Con 300.000 milioni di barili, la compagnia petrolifera venezuelana PDVSA possiede le riserve di petrolio più grandi del mondo, ma non basta.
In base a un rapporto interno della della stessa corporation statale venezuelana e confermato dall’agenzia stampa Reuters, la produzione di petrolio nel mese di febbraio ha toccato 670.000 barili al giorno, vale a dire il livello più basso degli ultimi cinque mesi. Situazione in parte dovuta anche alla riduzione della domanda di petrolio a livello globale.

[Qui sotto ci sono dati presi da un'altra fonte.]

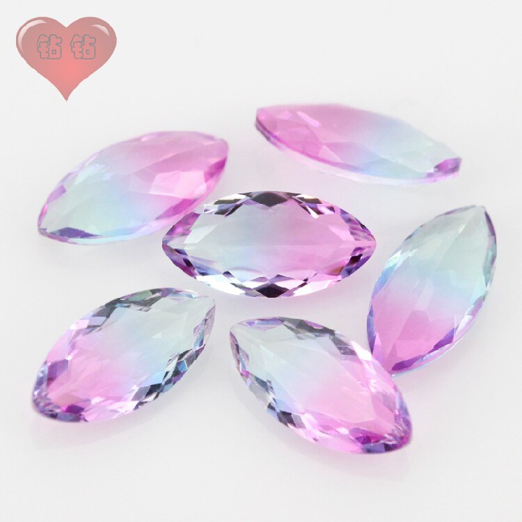 树叶形浅紫色合成西瓜碧玺裸石 马眼戒面散珠钻镶首饰品主石BX07
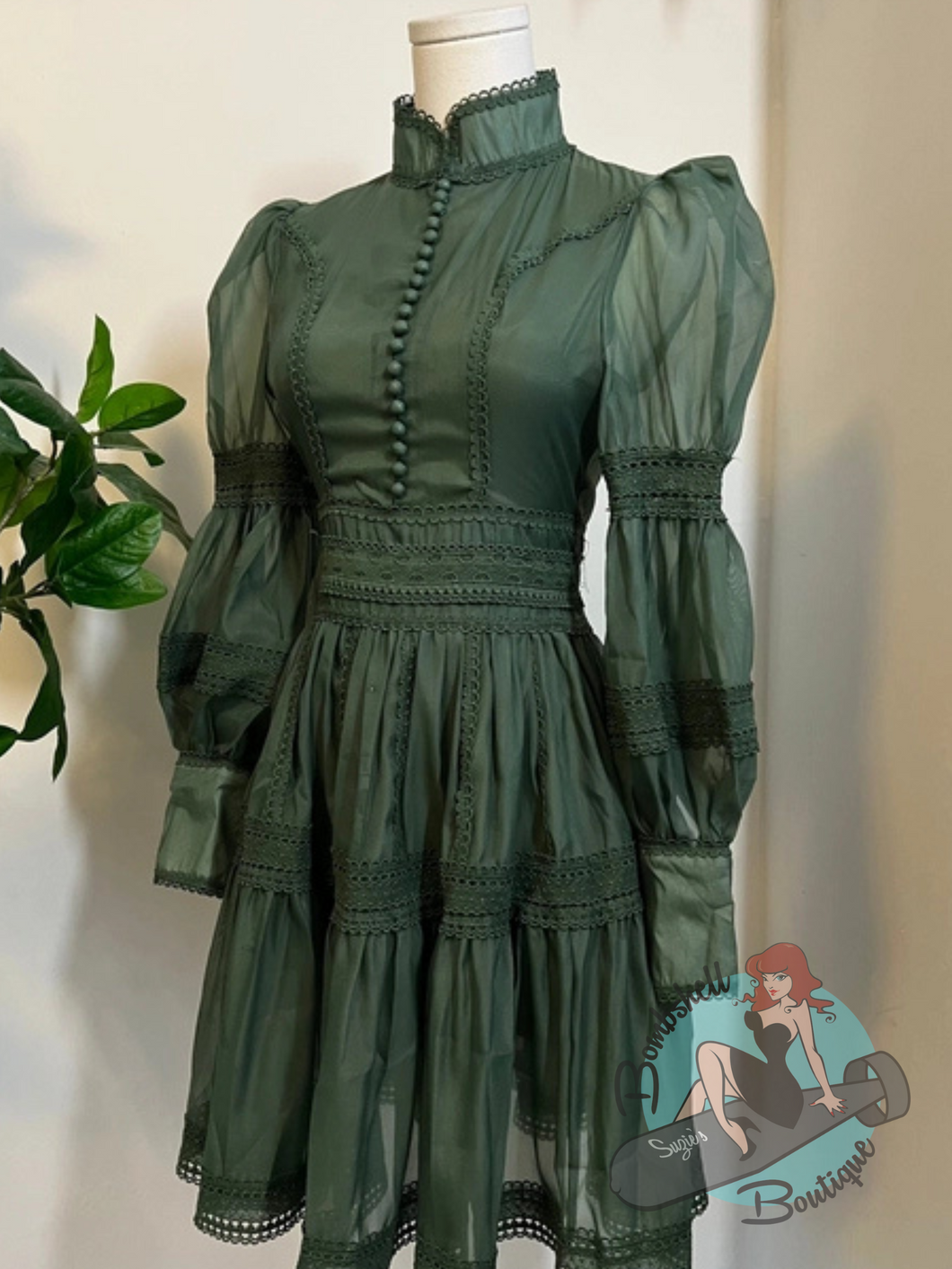 Whimsy and gothic romance meet in the Morgana Dress. This Victorian inspired knee length dress features a striking high neck, lace accents throughout, and puffed sleeves leading to dramatic three-button cuffs. The nipped-in waist flows into a dreamy lace embellished gathered skirt, creating a soft, feminine, vintage silhouette that will make your heart swoon. Â

Nella fascia di Orinoco situata al centro del paese, la media é stata di 364.000 barili al giorno, mentre gli altri giacimenti, con un petrolio extra pesante e fangoso, hanno toccato 420.000 barili.
Queste cifre indicano la fine di una relativa stabilità della produzione di greggio venezuelano che a novembre aveva toccato 912.000 barili al giorno, in base ai dati ufficiali dell’OPEC.
Pochi giorni fa lo stesso presidente Nicolas Maduro aveva affermato pubblicamente che PDVSA stava vendendo il suo petrolio al di sotto dei costi di produzione.
Tuttavia oltre alla caduta della produzione stanno aumentando gli inventari del petrolio non venduto, a causa anche della diminuzione delle esportazioni e del portafolio clienti.
La domanda del petrolio del Venezuela già da tempo si trova sotto pressione anche a causa delle sanzioni stabilite dagli Stati Uniti, che proprio in queste settimane hanno multato due compagnie che appartengono alla statale Gazprom, conosciute come intermediarie di PDVSA per la distribuzione di petrolio nel mercato internazionale.
In conseguenza di questa azione la compagnia russa Rosneft ha annunciato il suo ritiro dai progetti in Venezuela e la vendita dei suoi attivi ad una nuova compagnia controllata dal governo russo, di cui però non ha ancora menzionato il nome.